Value Added Abstracts
Hind LBAHY
Abstract
Automated ML is a set of methods that allow non-experts to use Machine Learning so easily, to ameliorate its efficiency and to dig more in their researches. Machine learning knew recently a big success and an ever-growing number of fields rely on its performance. Nevertheless, this success is based on human machine learning experts to do some tasks manually. Moreover, because these tasks are complex, especially for non- ML-experts, a rapid growth of machine learning applications has appeared and the demand for ML methods and processes that is handy and simple to use is more and more important. The design of an effective ML requires expert’s knowledge to improve algorithms in order to optimize results. So how can we use, for example, K-fold cross-validation to look for an optimal tuning parameter? And how can this process be made more efficient? The idea of machine learning pipeline is based on the automation of machine learning workflows. It consists on training a given model through several steps. However, we can remark that the word ‘pipeline’ refers to one-way flow of data which is not the case of ML pipelines.
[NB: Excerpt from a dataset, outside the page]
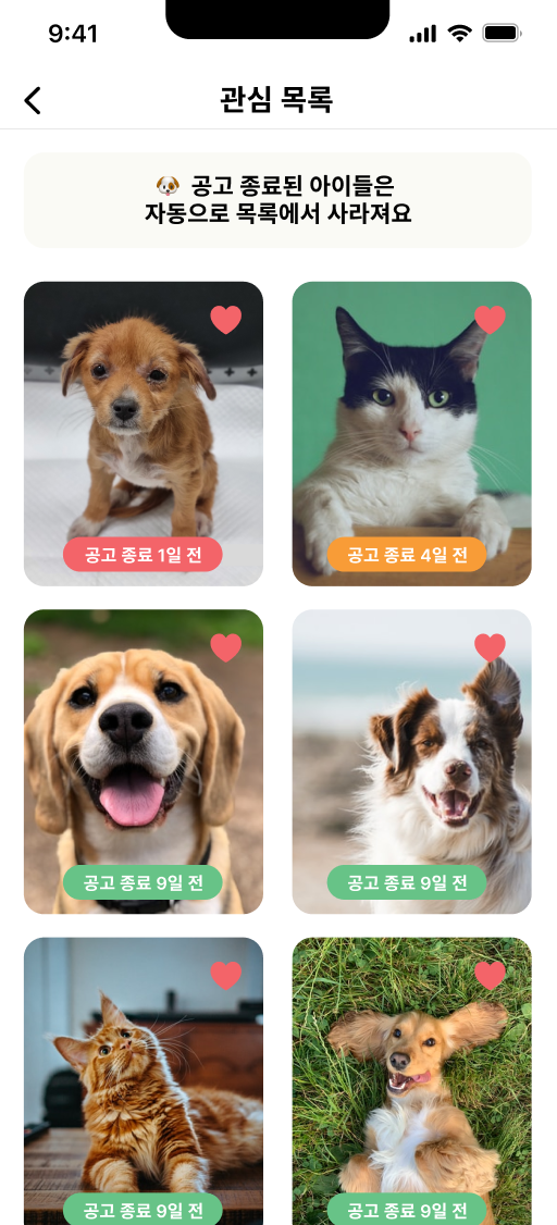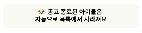 - '공고 기한이 지나면 안락사 처리됩니다' -> '공고 종료된 아이들은 자동으로 목록에서 사라져요'

In this context, machine learning pipelines rely on repetition of steps and continuous improvement of learning which make them very cyclical and iterative. Therefore, we get successful algorithms and models with good accuracy. The development of the Tree-based Pipeline Optimization Tool (TPOT) recently allows the optimization and the automatic design of the machine learning pipelines when given a problem to deal with without human participation. Therefore, how can we optimize machine learning pipelines using TPOT and a version of genetic programming? which is an automated method for creation of computer programs from a high-level problem statement of a problem.To see how to optimize the automatic design of machine learning pipelines, we will put all these algorithms into practical application to manage the information system incidents of one the insurance leaders in the world.